No “elige” la escultura
—¿Cómo llega Matte a elegir la escultura? ¿Era en su tiempo una elección convencional para las mujeres? ¿O en su caso fue una opción de rebeldía?
“No elige la escultura, en el sentido actual de optar entre varias alternativas; el tema de la vocación del artista romántico moderno no pasa por el sopesamiento de opciones, sino por el imperativo categórico de una voz interna que hace la vida imposible e inconcebible fuera de ese camino; si no hubiese sido tan fuerte ese llamado en Rebeca Matte, no habría persistido; hasta la Mistral se equivoca, a mi juicio, con respecto a la vocación de Rebeca Matte. Es la escultura la que se va apoderando de ella, y no viceversa, y la intervención de Augusto Matte, el patriarca, un Abraham laico y decimonónico, la consolida al “ofrecerla” en el “altar” del arte. Después, sólo después, ella toma conciencia de que tal “elección” le permite volcar no sólo espiritual, sino aun físicamente, la rebeldía que lleva acumulada desde su infancia y da curso a ella con figuras a veces sobrecogedoras, como la de ‘La guerra’, del Monumento en la Haya, en la línea del más crudo expresionismo alemán”.
“Para las mujeres de su época, ser escultora planteaba muchísimas más dificultades que ser pintora.
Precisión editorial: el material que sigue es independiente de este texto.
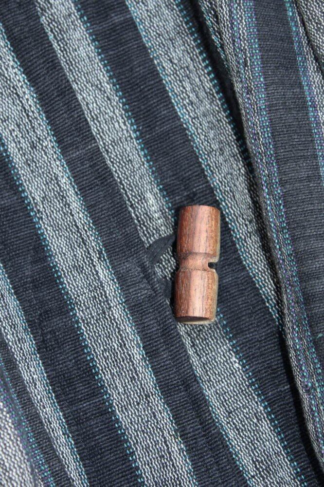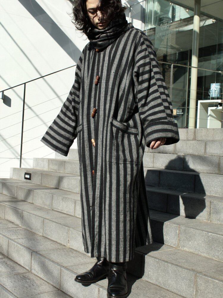 A long coat made in Nepal. A solid woven fabric with natural cotton threads is used for a solid texture. The charcoal black, blue, and gray stripes are designed to look sporty. The best time to see it is the relaxed appearance with a loose pattern of one piece, and the stall at the collar is also a point. There is also a wide sleeve, so you can feel the Japanese atmosphere. The cotton lining is dirty, and it is in good condition subjectively. Since it is an old product, it may deteriorate over time. Please check the photo and purchase after acknowledging the characteristics of Vintage.

Además de que se necesitaba energía y resistencia para batallar con los materiales, las instalaciones para la escultura no eran menores, y lo mismo el traspaso de las maquetas a los materiales definitivos exigía la colaboración de operarios y equipos especializados y costosos. Pocas mujeres elegían entonces esta carrera; en Sudamérica en esa época son dos las que perduran: Rebeca Matte y la argentina Lola Mora”.
Las manos de Rebeca
—¿Le resta mérito a su obra el que no haya esculpido y sólo haya modelado?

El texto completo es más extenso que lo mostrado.